The Ronald H. Coase Dissertation Award
The Ronald H. Coase Best Dissertation Award is handed out annualy for the best doctoral dissertation in institutional and organizational economics. During SIOE's recent conference in Stockholm (June 27-29), Sara Lowes (UC San Diego) received this year's award for her dissertation (from Harvard, Economics).
The committee wrote: she “is incredibly creative both in finding sources of exogenous institutional variations and important outcomes. The paper about concessions is particularly deep: it shows that being exposed extractive colonial institutions has long-lasting effects on violence and the cooptation of local leaders.” That paper is R&R at QJE. Another paper in her thesis studies the relationship between matrilineal kinship and household bargaining. She uses variation between matrilineal and patrilineal families in Kananga (Democratic Republic of the Congo. In a patrilineal family, the wife joins the husband’s lineage and the children belongs to the husband’s lineage. By contrast, in matrilineal families such as the one Sara studies in the DRC, the husband does not belong to same linage as his children but to the one of his sister’s children. Sara finds that such matrilineal couples are less cooperative with each other. In the last chapter of her dissertation (which – would you believe it?- does not even include her Econometrica paper with Nathan Nunn and James Robinson!), she shows that the coercive methods by the colonial authorities to eradicate sleeping sickness with a drug called atoxyl with the negative side effects of affecting vision in 20% of patients, led to long-term mistrust in Western medicine all over former French Africa. This paper, R&R at the AER, delivers a particularly important finding that sheds light on why foreign health interventions are often ineffective and even raise suspicion.

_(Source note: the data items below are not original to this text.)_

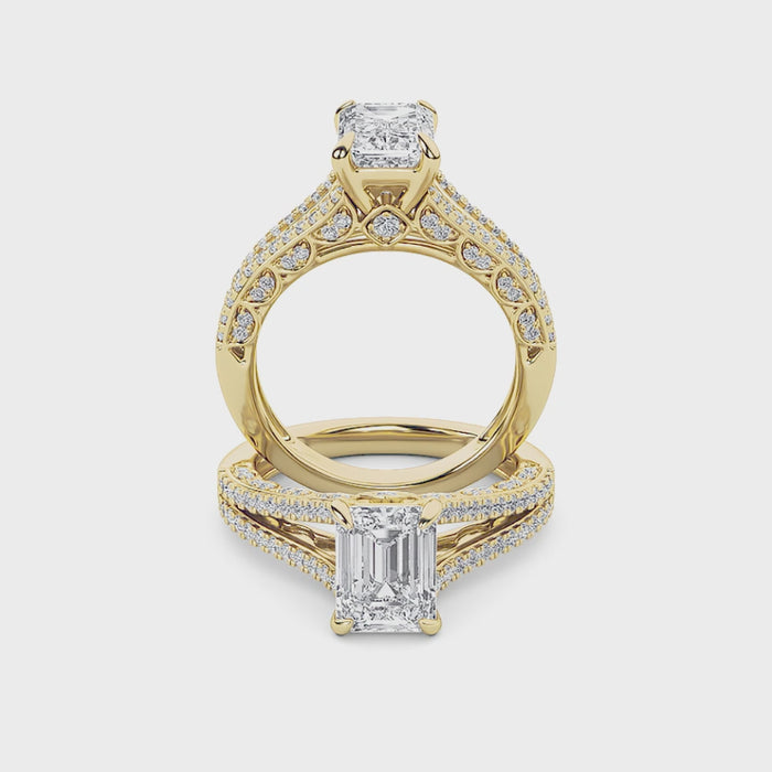 Emerald brilliance rests within an embrace of pavé light, a silhouette that balances boldness with grace. More than adornment, it is an heirloom in the making, destined to carry forward stories of strength, love, and celebration.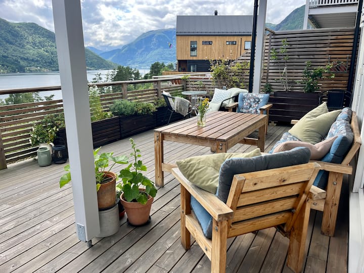 Модерен апартамент в близост до фиорд, планина и гора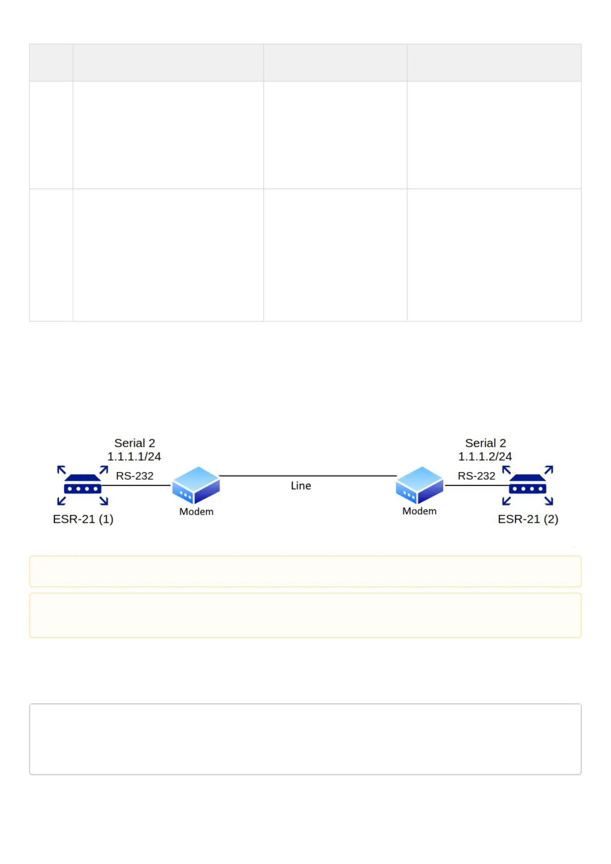 Configure IP communication between two ESRs on the serial port, using modems in Leased line mode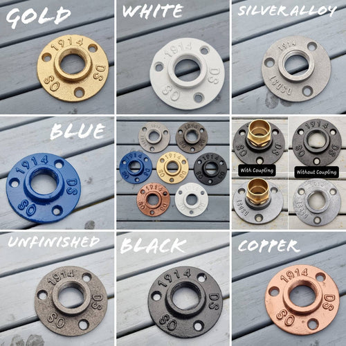 Coloured Cast Iron Aluminium Flanges & Brass Couplings | Industrial Pipe Fitting | Steampunk | Decorative Pipe Hardware Decor | Pipe Connect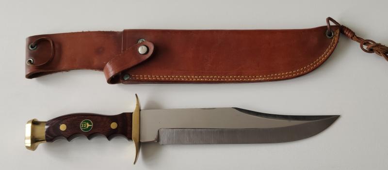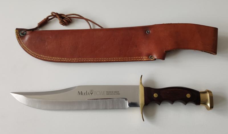 Muela bowie antiguo. Hoja de 24cm y 37 cm en total (aprox). Tanto en cuchillo como la funda estan sin uso. Salen de colección.
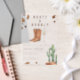 This design features modern neutral colours in a watercolor application. Design in cow print, glass of champagne, desert cactus, cowboy boots.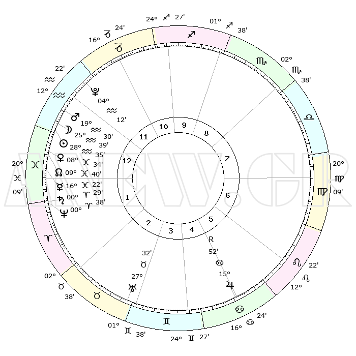 | | ΘΕΣΕΙΣ ΠΛΑΝΗΤΩΝ ΑΣΤΡΟΛΟΓΙΚΟΥ ΧΑΡΤΗ ΤΗΣ ΣΤΙΓΜΗΣ ΑΥΤΗΣ | | | | Πλανήτης | Ζώδιο | Μοίρες | Δεκαήμ. | Σε οίκο | Απόκλιση | | Ακμές των οίκων | | Ηλιος | Υδροχόος | 28°31' | Τρίτο | 1 | 11 S 59 | | 1ος | 15°52' | Υδροχόος | | Σελήνη | Υδροχόος | 24°49' | Τρίτο | 1 | 14 S 28 | | 2ος | 01°36' | Κριός | | Ερμής | Ιχθείς | 16°17' | Δεύτερο | 1 | 04 S 54 | | 3ος | 07°09' | Ταύρος | | Αφροδίτη | Ιχθείς | 08°29' | Πρώτο | 1 | 09 S 45 | | 4ος | 03°11' | Δίδυμοι | | Αρης | Υδροχόος | 19°27' | Δεύτερο | 1 | 16 S 01 | | 5ος | 25°07' | Δίδυμοι | | Δίας | Καρκίνος | 15°52'R | Δεύτερο | 5 | 22 N 49 | | 6ος | 17°25' | Καρκίνος | | Κρόνος | Κριός | 00°28' | Πρώτο | 1 | 01 S 47 | | 7ος | 15°52' | Λέων | | Ουρανός | Ταύρος | 27°32' | Τρίτο | 3 | 19 N 26 | | 8ος | 01°36' | Ζυγός | | Ποσειδώνας | Κριός | 00°38' | Πρώτο | 1 | 00 S 57 | | 9ος | 07°09' | Σκορπιός | | Πλούτωνας | Υδροχόος | 04°12' | Πρώτο | 12 | 22 S 56 | | 10ος | 03°11' | Τοξότης | | Β. Δεσμός | Ιχθείς | 09°40' | Πρώτο | 1 | 07 S 56 | | 11ος | 25°07' | Τοξότης | | Ωροσκόπος | Υδροχόος | 15°52' | Δεύτερο | | | 12ος | 17°25' | Αιγόκερως | | Μεσουράνημα | Τοξότης | 03°11' | Πρώτο | | | |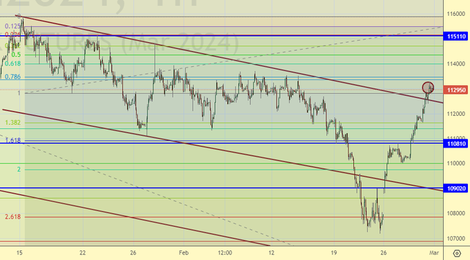 Очень удобное место по соотношению прибыль/риск для того, чтобы поверить в то, что рост далее продолжен не будет. Отметим, что если мы поднимемся выше 115000, то это приведет к продолжению восходящего движения. Очень большие сомнения в дальнейшем укреплении рубля и в дальнейшем росте российского рынка акций.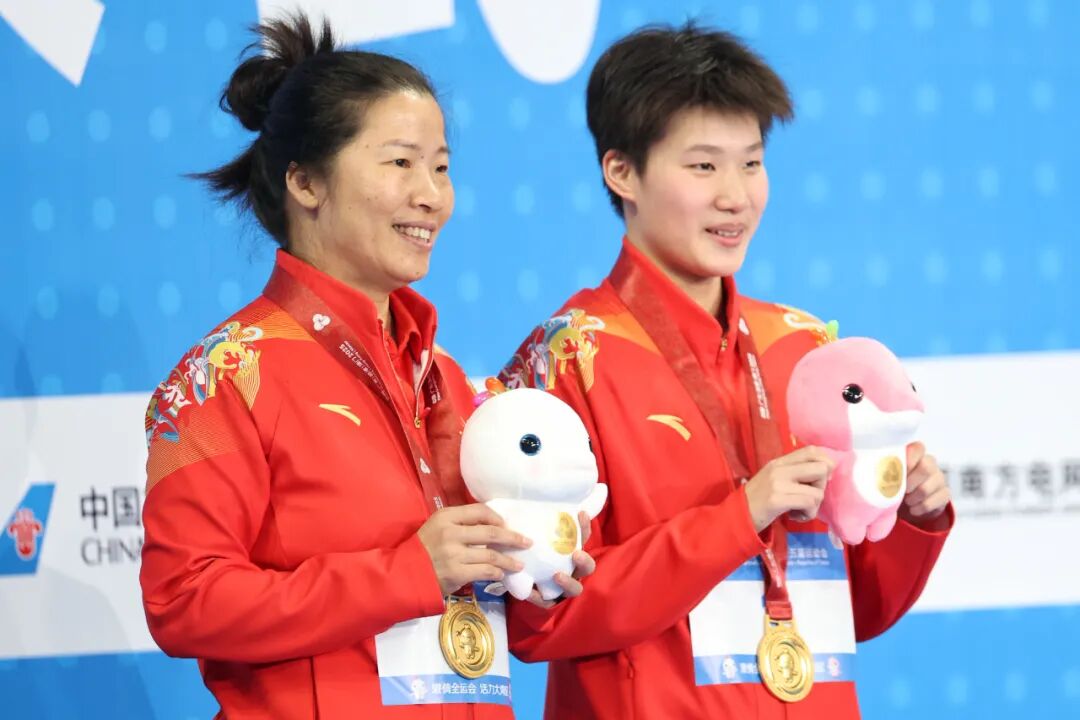 In the women’s 200-meter breaststroke final, Lu Qinyao from the Jiangsu team won the gold medal. The photo shows Lu Qinyao (right) at the award ceremony.

A more comprehensive description of the work of all finalists---very recommendable reading--- is here.
The Elinor Ostrom Lifetime Achievement Award
The Elinor Ostrom Lifetime Achievement Award is handed out biannually for sustained significant academic contributions to institutional and organizational economics. It is open to anyone.

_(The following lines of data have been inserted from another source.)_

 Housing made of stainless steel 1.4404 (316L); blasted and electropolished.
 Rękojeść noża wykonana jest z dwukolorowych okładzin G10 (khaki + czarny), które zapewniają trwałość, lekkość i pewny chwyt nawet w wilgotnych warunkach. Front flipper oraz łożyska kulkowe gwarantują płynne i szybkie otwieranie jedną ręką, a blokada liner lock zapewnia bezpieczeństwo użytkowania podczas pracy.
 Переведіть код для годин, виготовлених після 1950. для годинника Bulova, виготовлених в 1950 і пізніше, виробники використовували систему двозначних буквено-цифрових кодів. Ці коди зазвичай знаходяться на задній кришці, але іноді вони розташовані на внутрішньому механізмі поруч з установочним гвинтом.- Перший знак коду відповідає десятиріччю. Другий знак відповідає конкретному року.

The winner of the 2019 Ostrom Award is Barry R. Weingast, the Ward C. Krebs Family Professor at Stanford University’s Department of Political Science and a Senior Fellow at the Hoover Institution.
Professor Weingast’s research focuses on the political foundation of markets, economic reform, and regulation. He has written extensively on problems of political economy of development, federalism and decentralization, legal institutions and the rule of law, and democracy. He is co-author of Violence and Social Orders: A Conceptual Framework for Interpreting Recorded Human History (with Douglass C. North and John Joseph Wallis, 2009, Cambridge: Cambridge University Press) and Analytic Narratives (1998, Princeton). He edited (with Donald Wittman) The Oxford Handbook of Political Economy (Oxford University Press, 2006).
Barry Weingast has won numerous awards, including the William H. Riker Prize, the Heinz Eulau Prize (with Ken Shepsle), the Franklin L. Burdette Pi Sigma Alpha Award (with Kenneth Schultz), and the James L. Barr Memorial Prize in Public Economics. He served as President of ISNIE (now SIOE) in 2011-12. We are indebted to his long-term academic leadership and outstanding productivity, combining political science, history, economics, and law.
The Oliver E. Williamson Best Conference Paper Award
The Oliver Williamson Best Conference Paper Award goes to:
“Economic Losers and Political Winners: Sweden’s Radical Right” by Ernesto Dal Bo (UC Berkeley), Frederico Finan (UC Berkeley), Olle Folke (Uppsala), Torsten Persson (Stockholm), and Johanna Rickne (Stockholm).
The authors study study the politicians and voters of Sweden’s Radical Right. The rise of the Sweden Democrats is descriptively linked to macroeconomic events that magnified job insecurity and stagnated disposable incomes in large segments of the labor market. Negatively impacted groups entered politics to build the Sweden Democrats, and voting for the party has been concentrated in localities suffering larger impacts. Survey data suggest that economic anxiety may have triggered radical-right mobilization by weakening social and institutional trust among those with anti-immigrant preferences. The authors characterize the Sweden Democrats as a citizen-candidate movement that channeled inexperienced citizens from negatively impacted groups into politics. The party’s entry shifted political selection for soft and hard valence traits in a negative direction.